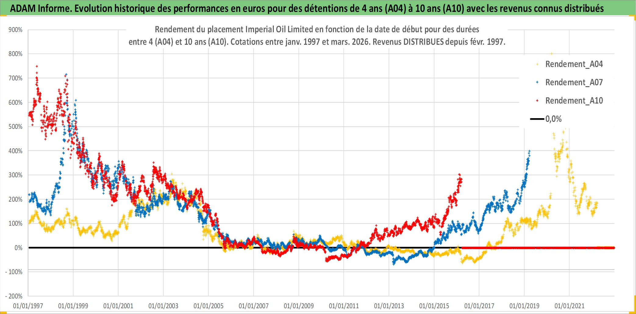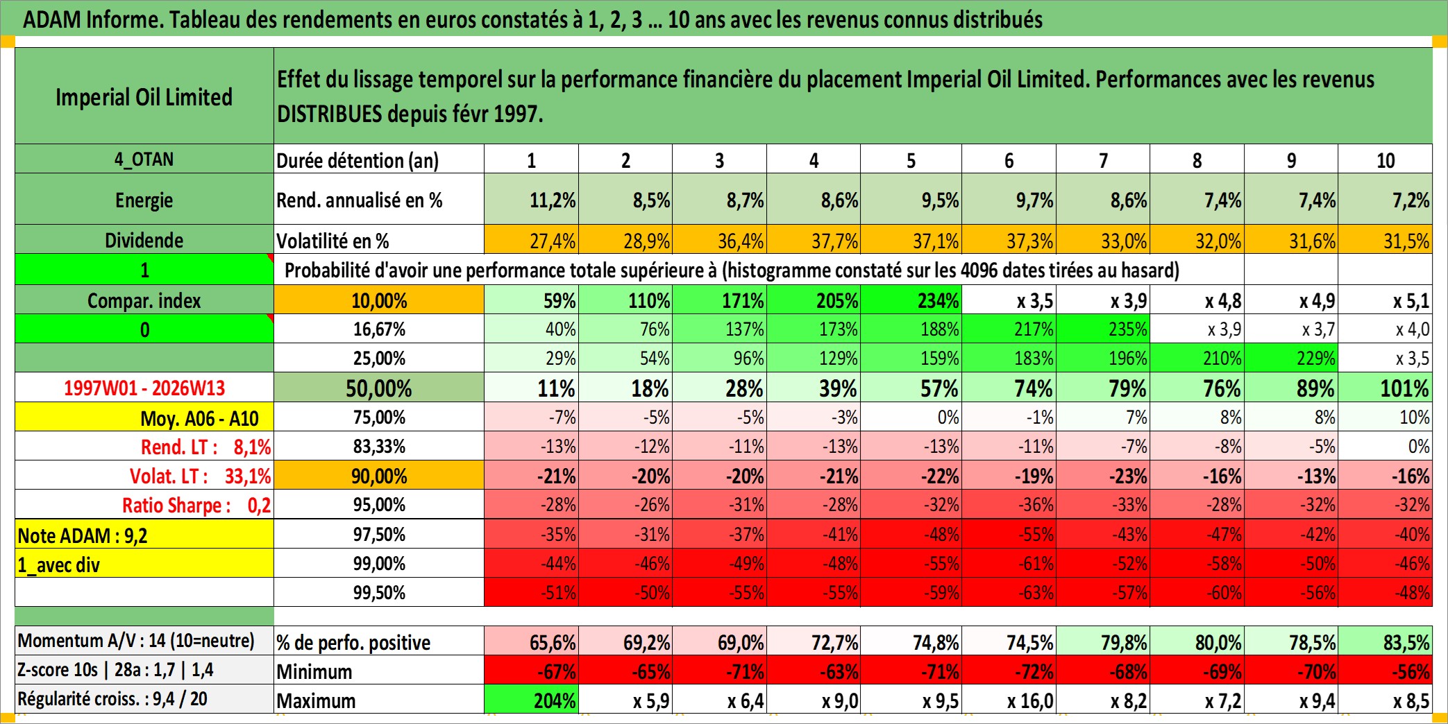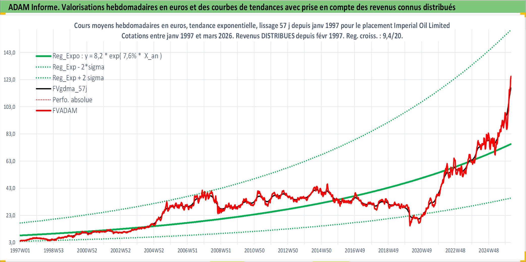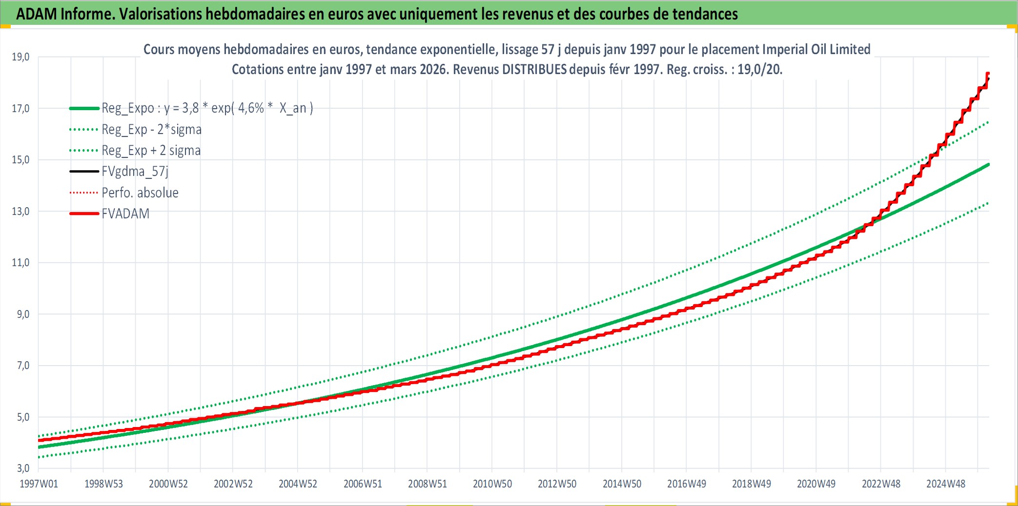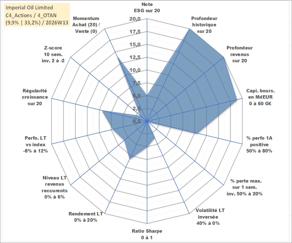 Site dédié aux investisseursPage dédiée sur site financeAnalyse des valorisations hebdomadaires de l'action Imperial Oil Limited. Cet actif est cote en CAD. Les valorisations sont en contrevaleur EURO et couvrent les semaines 1997W01 a 2026W13. Les revenus de cet actif financier sont pris en compte depuis la semaine 1997W09. La note globale ESG de cet actif est estimee a 5.0 (apres rebasage entre 0 et 20).
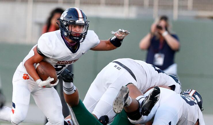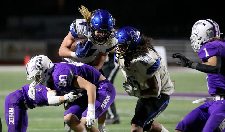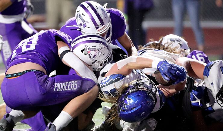 Bear River jumped out to a quick lead, Ridgeline raced ahead by halftime and then Bear River nearly battled back to force overtime, as it was stopped at the 1-yard line on the final play of the game in a wild Region 11 clash. Kaden Cox passed for four touchdowns to lead the Riverhawks.
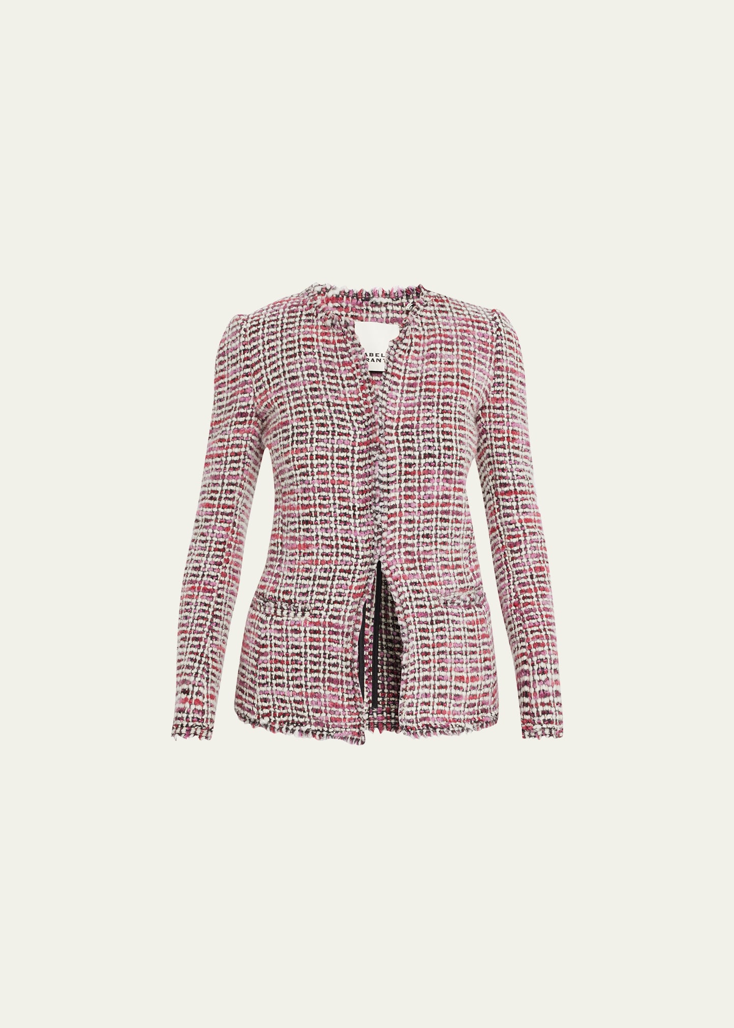 Isabel Marant "Penia" short coat in a tweed styling Round collar Hook and eye front closure Long sleeves Front welt pockets Mid-length Relaxed fit Virgin wool/alpaca/polyamide Made in Poland
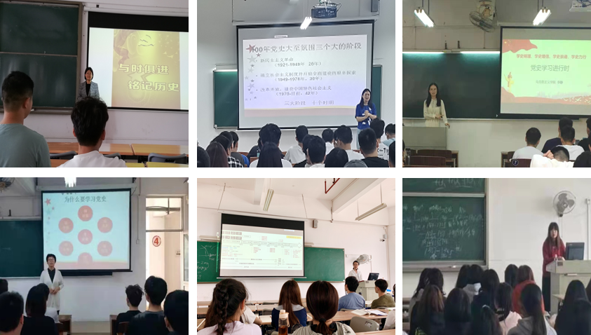 为深入学习贯彻习近平总书记在党史学习教育动员大会上的重要讲话精神,马克思主义学院充分发挥党史学习教育的主力军作用,从3月中下旬开始组织全体思政课教师利用课堂教育主阵地对我校天河、白云和荔湾校区的学生进行了党史专题宣讲,引导学生学史明理、学史增信、学史崇德、学史力行。
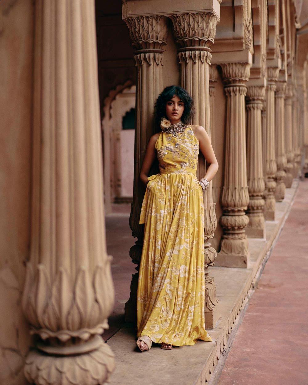 A tuscany yellow jumpsuit featuring Paulmi and Harsh signature Roop flip bird print, featuring a pair of birds in their enchanting habitat. The print is enhanced with hand-embroidery in zardozi and aari work and the look is complete with a printed belt.
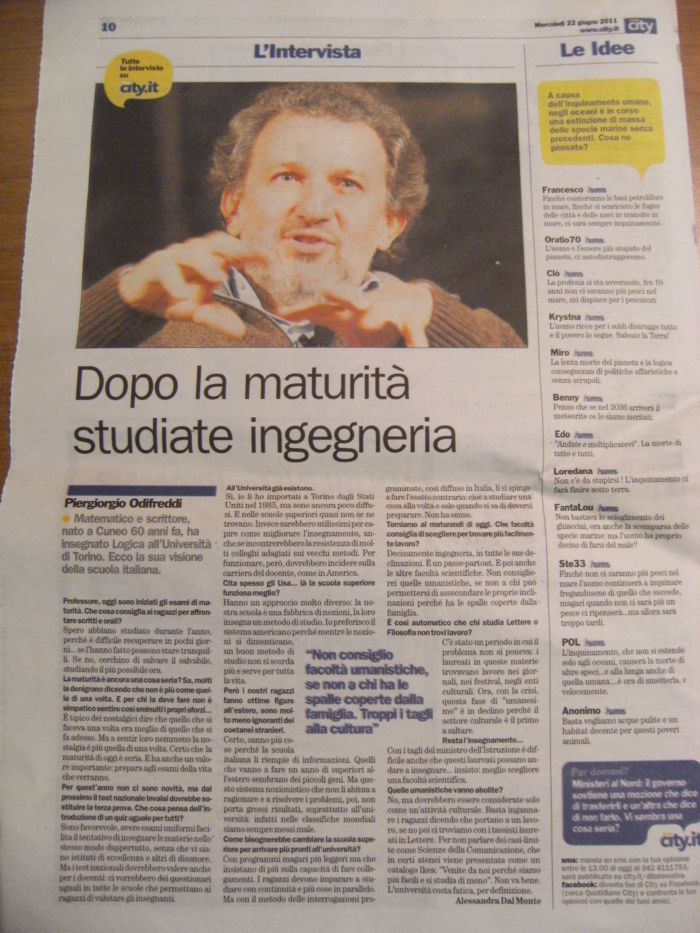 Dopo la maturità studiate ingegneria intervista a Piergiorgio Odifreddi di Alessandra Dal Monte su City Milano del 22 giugno 2011 p. 10
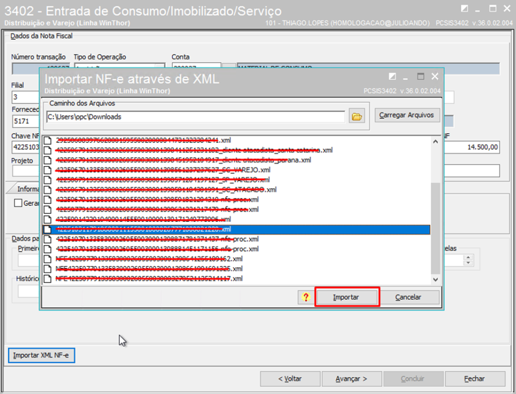 Selecione o arquivo desejado na lista e clique Importar;
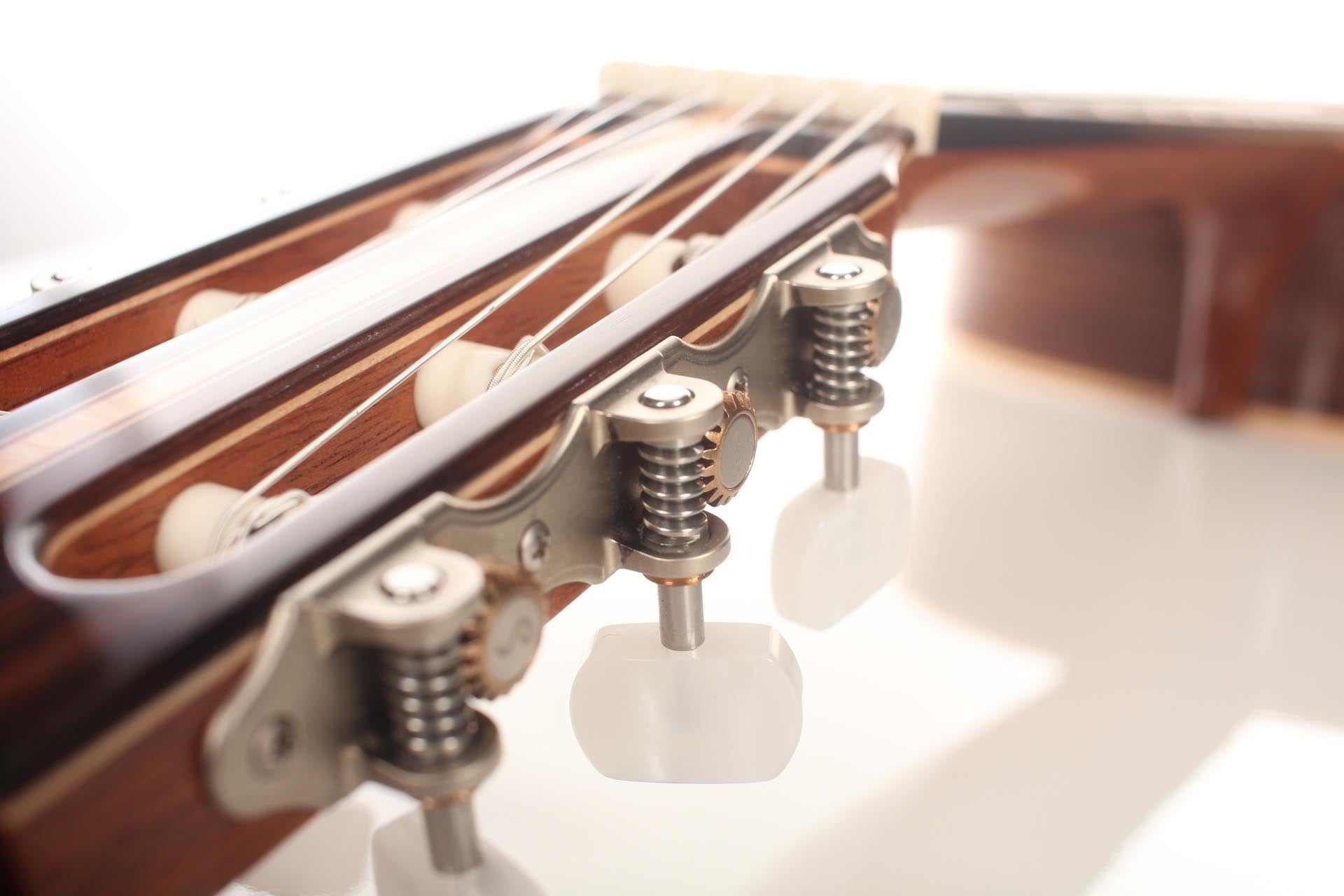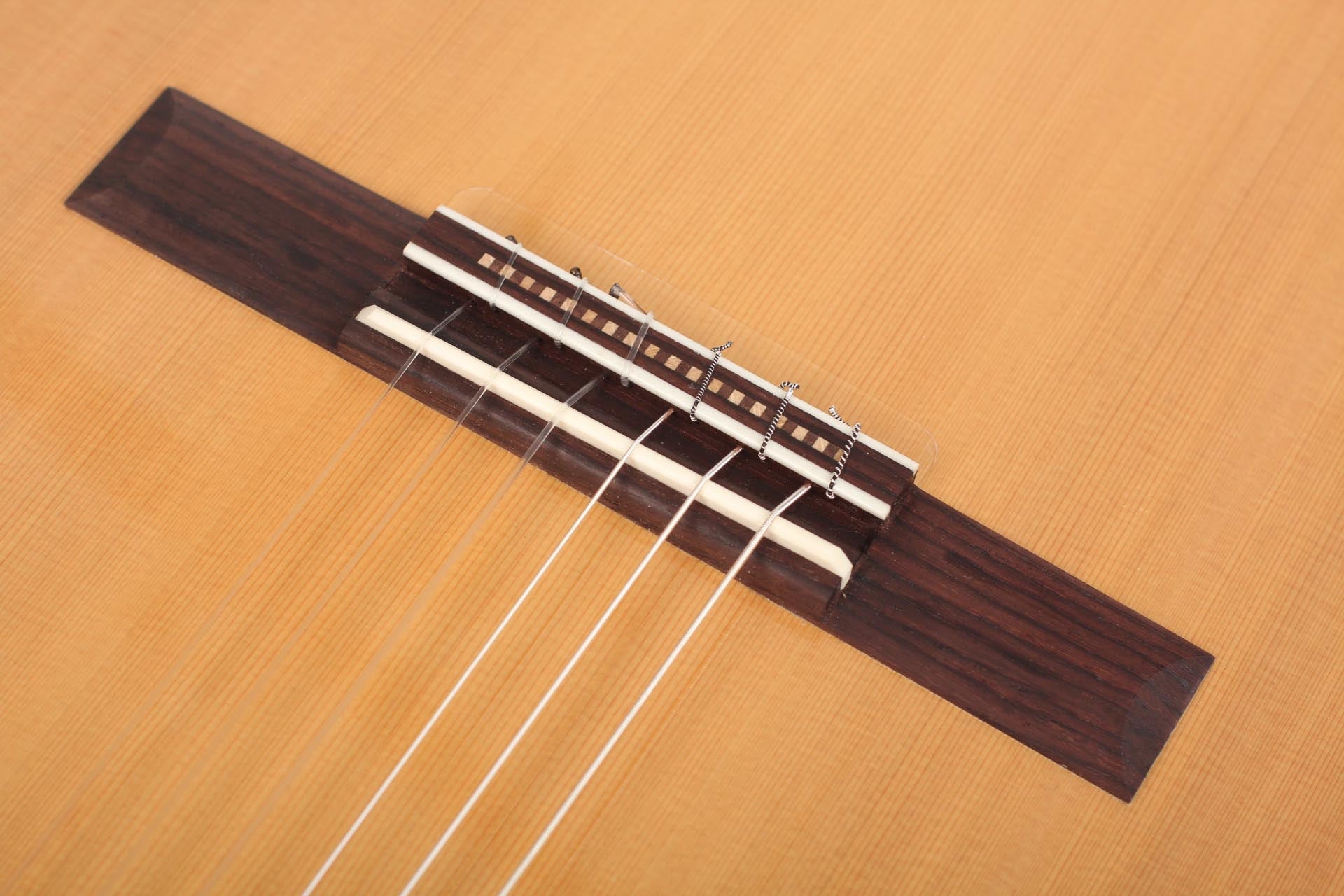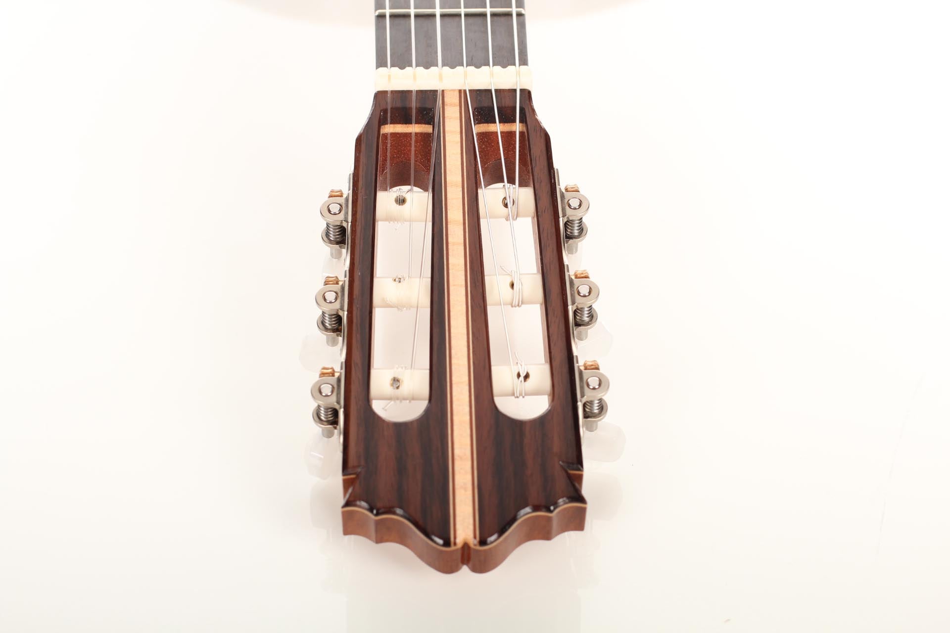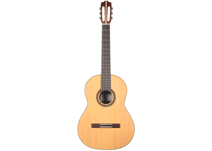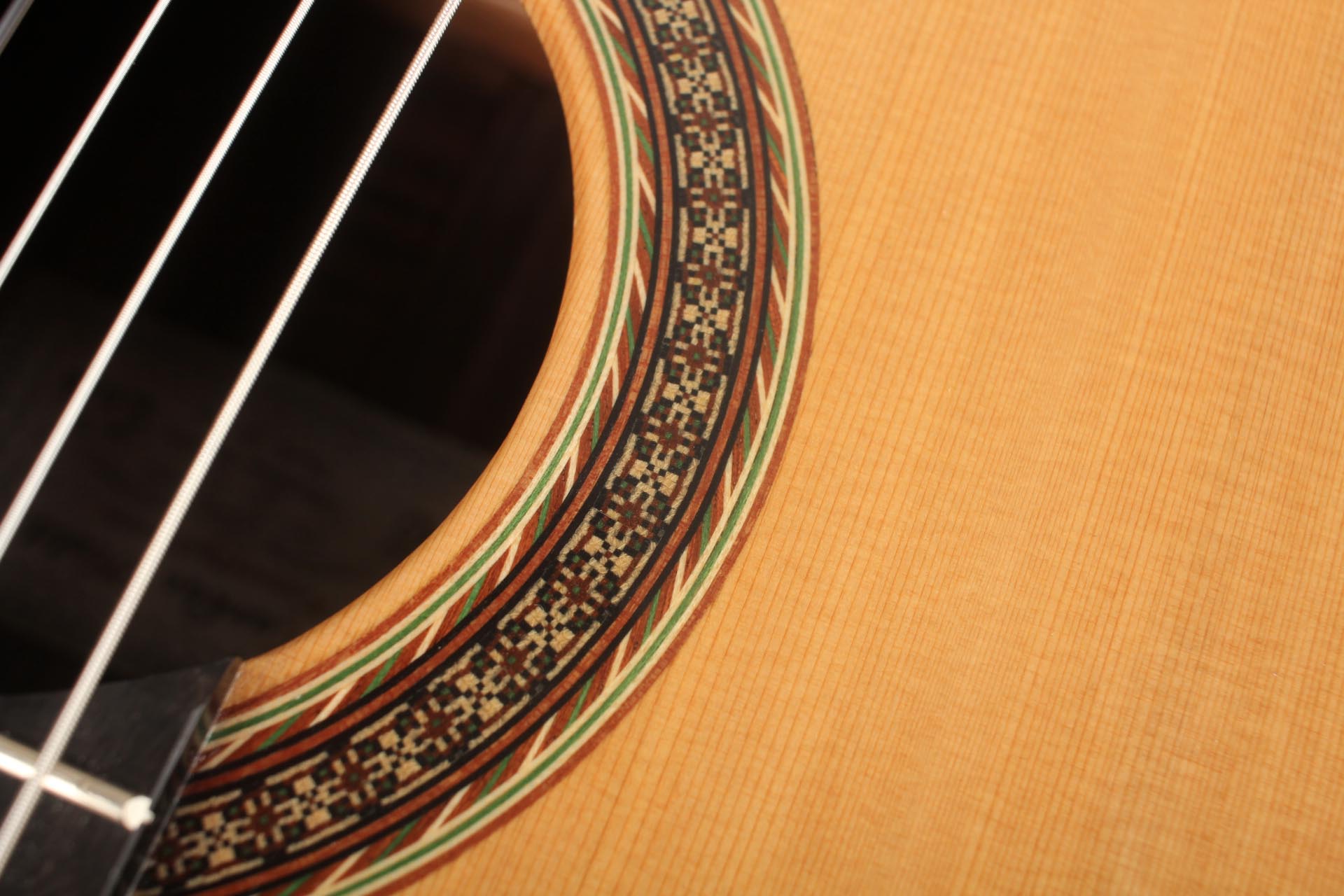 The top of this guitar is made of cedar - back and sides are made of Indian rosewood. The tuners are made by Schaller. All French-polished. A hard-shell case is included.
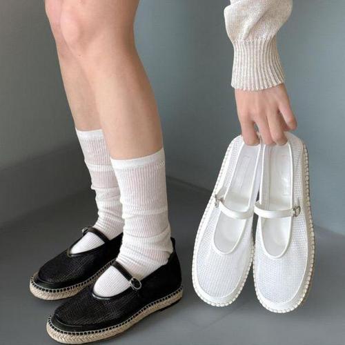 [신상오픈런]여성용 통기성 메리제인 라탄 플랫 슈즈

• **TASK TO COMPLETE**
If pictures appear among the records, do not carry them over; retype the rest exactly.

• **RESULT**
 Site dédié aux investisseursPage dédiée sur site financeAnalyse des valorisations hebdomadaires de l'action Imperial Oil Limited. Cet actif est cote en CAD. Les valorisations sont en contrevaleur EURO et couvrent les semaines 1997W01 a 2026W13. Les revenus de cet actif financier sont pris en compte depuis la semaine 1997W09. La note globale ESG de cet actif est estimee a 5.0 (apres rebasage entre 0 et 20).
 Bear River jumped out to a quick lead, Ridgeline raced ahead by halftime and then Bear River nearly battled back to force overtime, as it was stopped at the 1-yard line on the final play of the game in a wild Region 11 clash. Kaden Cox passed for four touchdowns to lead the Riverhawks.
 Isabel Marant "Penia" short coat in a tweed styling Round collar Hook and eye front closure Long sleeves Front welt pockets Mid-length Relaxed fit Virgin wool/alpaca/polyamide Made in Poland
 为深入学习贯彻习近平总书记在党史学习教育动员大会上的重要讲话精神,马克思主义学院充分发挥党史学习教育的主力军作用,从3月中下旬开始组织全体思政课教师利用课堂教育主阵地对我校天河、白云和荔湾校区的学生进行了党史专题宣讲,引导学生学史明理、学史增信、学史崇德、学史力行。
 A tuscany yellow jumpsuit featuring Paulmi and Harsh signature Roop flip bird print, featuring a pair of birds in their enchanting habitat. The print is enhanced with hand-embroidery in zardozi and aari work and the look is complete with a printed belt.
 Dopo la maturità studiate ingegneria intervista a Piergiorgio Odifreddi di Alessandra Dal Monte su City Milano del 22 giugno 2011 p. 10
 Selecione o arquivo desejado na lista e clique Importar;
 The top of this guitar is made of cedar - back and sides are made of Indian rosewood. The tuners are made by Schaller. All French-polished. A hard-shell case is included.
 [신상오픈런]여성용 통기성 메리제인 라탄 플랫 슈즈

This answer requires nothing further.